For every unique point label in 'c' I want to produce a filtered list of the corresponding value in 'b',
so for example 'first_block' has unique elements in 'c' of: 5, 6, 10, 20
and i want to obtain/extract the following lists for each 'block', to list each value of 'b' associated with a specific value in 'c' e.g.
first_block:
5: [10]
6: [10]
10: [10,15,23]
20: [10,15]
second_block:
4: [15,23]
9: [10,15]
12: [10,15,23]
15: [15,23]
17: [10,15]
22: [23]
etc.
Any thoughts on how to create this outcome given that 'c' is jagged?
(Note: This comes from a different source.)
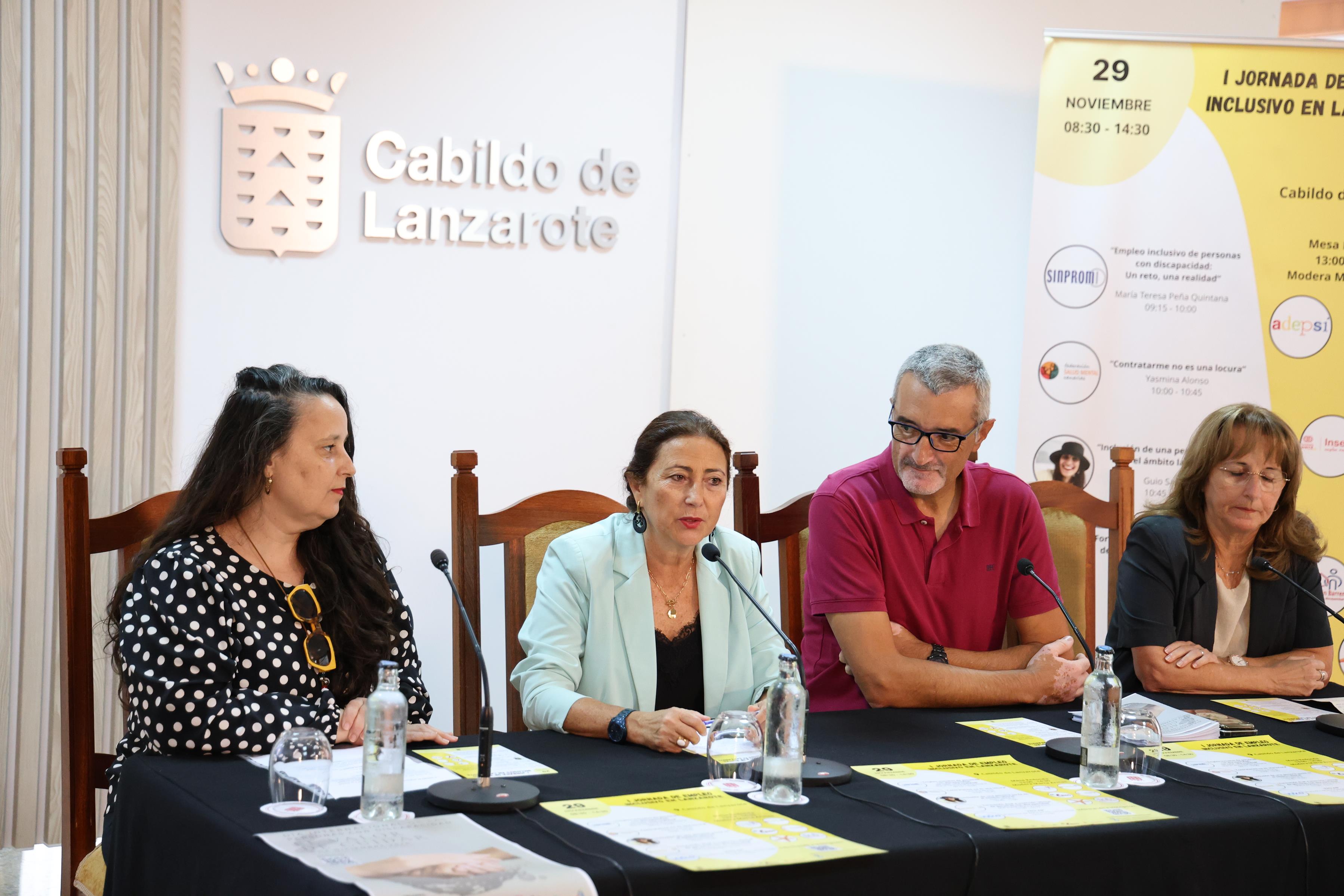 El Cabildo de Lanzarote, a través del Área de Empleo, que gestiona Ascensión Toledo, ha presentado el programa de las primeras Jornadas de Empleo Inclusivo que se celebran en la isla y que tienen como objetivo impulsar la empleabilidad de las personas con diversidad funcional o discapacidad.

Have been trying to do this by converting to Awkward arrays but documentation is currently sparse, and really don't understand how to do this in Awkward.
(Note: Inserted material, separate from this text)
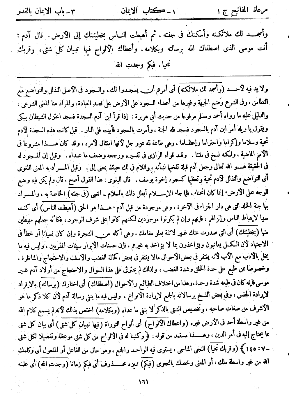 ولا يد فيه لأحد (وأسجد لك ملائكته) أي أمرهم أن يسجدوا لك، والسجود في الأصل التذلل والتواضع مع التطامن، وفي الشرع وضع الجبهة وغيرها من أعضاء السجود على الأرض على قصد العبادة، والمراد هنا المعنى الشرعي، والدليل عليه ما رواه أحمد ومسلم مرفوعاً من حديث أبي هريرة: إذا قرأ ابن آدم السجدة فسجد اعتزل الشيطان يبكي ويقول يا ويله أمر ابن آدم بالسجود فسجد فله الجنة، وأمرت بالسجود فأبيت فلي النار. قيل: كانت هذه السجدة لآدم تحية وسلاماً وإكراماً واحتراماً وإ عظاماً، وهي طاعة لله عزوجل لأنها امتثال لأمره، وقد كان هذا مشروعاً في الأمم الماضية، ولكنه نسخ في ملتنا. وقد قواه الرازي في تفسيره ورجحه وضعف ما عداه. وقيل: إن المسجود له في الحقيقة هو الله تعالى وجعل آدم قبلة تفخيماً لشأنه، واللام في لك حينئذ بمعنى إلى. وقيل: المراد به المعنى اللغوي أي التواضع والتذلل لآدم تحية وتعظيماً كسجود إخوة يوسف. قال البغوي: هذا القول أصح، قال ولم يكن فيه وضع الوجه على الأرض، إنما كان انحناء، فلما جاء الإسلام أبطل ذلك بالسلام – انتهى. (في جتنه) الخاصة به، والمراد بها جنة الخلد التي هي دار الجزاء في الآخرة، وهي وجودة من قبل آدم، هذا هو الحق (أهبطت الناس) أي كنت سبباً لإهباط الناس وإنزالهم، فإنهم وإن لم يكونوا موجودين لكنهم كانوا على شرف الوجود، فكأنه جعلهم مهبطين منها (بخطيئتك) أي التي صدرت عنك غير لائقة بعلو مقامك، وهي أكله من الشجرة وإن كان نسياناً أو خطأ في الاجتهاد؛ لأن الكمل يعاتبون ويؤاخذون بما لا يؤاخذ به غيرهم، فإن حسنات الأبرار سيئات المقربين، وليس فيه ما يخل بالأدب مع الأب لأنه يغتفر في بعض الأحوال ما لا يغتفر في بعض، كحالة الغضب والأسف والاحتجاج والمناظرة، وخصوصاً ممن طبع على حدة الخلق وشدة الغضب، ولذلك لك لم يجترئ على هذا السؤال والاحتجاج من أولاد آدم غير موسى فإنه كان في طبعه شدة وحدة، وهذا من اختلاف الطبائع والأحوال (اصطفاك) أي اختارك (برسالته) بالإفراد لإرادة الجنس، وفي بعض النسخ برسالاته بالجمع لإرادته الأنواع، وليس فيه ما ينفي رسالة آدم لأن كلاً ذكر ما هو الأشرف من صفات صاحبه، وتخصيص الشيء بالذكر لا ينفي ما عداه (وبكلامه) اختص بذلك لأنه لم يسمع كلام الله من غير واسطة أحد في الأرض غيره (وأعطاك الألواح) أي ألواح التوراة (فيها تبيان كل شيء) أي بيان كل شيء مما يحتاج إليه في أمر الدين، وهذا مستمد من قوله: {وكتبنا له في الألواح من كل شيء موعظة وتفصيلاً لكل شيء} [7: 145] ، (وقربك نجياً) النجي المناجي، يستوي فيه الواحد والجمع، وهو حال من الفاعل أو المفعول أي وكلمك الله من غير واسطة ملك، أو المعنى وخصك بالنجوى (فبكم) مميزة محذوف أي فبكم زماناً (وجدت الله) أي علمته

Also open to pythonic suggestions which don't involve Awkward
Try this, it reproduces exactly what you want (including sorting)
x = {'first_block':
{'unit1': {'a': (3,5,4), 'b': 23, 'c': [10]},
'unit2': {'a': (5,8,7), 'b': 15, 'c': [20,10]},
'unit10k': {'a': (2,4,9), 'b': 10, 'c': [6,10,20,5]}},
'second_block':
{'unit1' : {'a': (8,20,14), 'b': 10, 'c': [17,12,9]},
'unit2' : {'a': (9,25,50), 'b': 15, 'c': [17,15,9,4,12]},
'unit12k': {'a': (12,24,9), 'b': 23, 'c': [12,22,15,4]}},
'millionth_block':
{'unit1': {'a': (35,64,85), 'b': 64, 'c': [50]},
'unit2': {'a': (56,23,34), 'b': 55, 'c': [89,59,77]},
'unit5k': {'a': (90,28,12), 'b': 85, 'c': [48,90,27,59]}}}
results = {}
for key in x.keys(): # Block level key
results[key] = {}
for unit in x[key].keys(): # Unit level key in subdict
for value in x[key][unit]['c']: #List of values in c
if value not in results[key].keys():
#You assign a c level key, create a list
results[key][value] = []
#And append values from b
results[key][value].append(x[key][unit]['b'])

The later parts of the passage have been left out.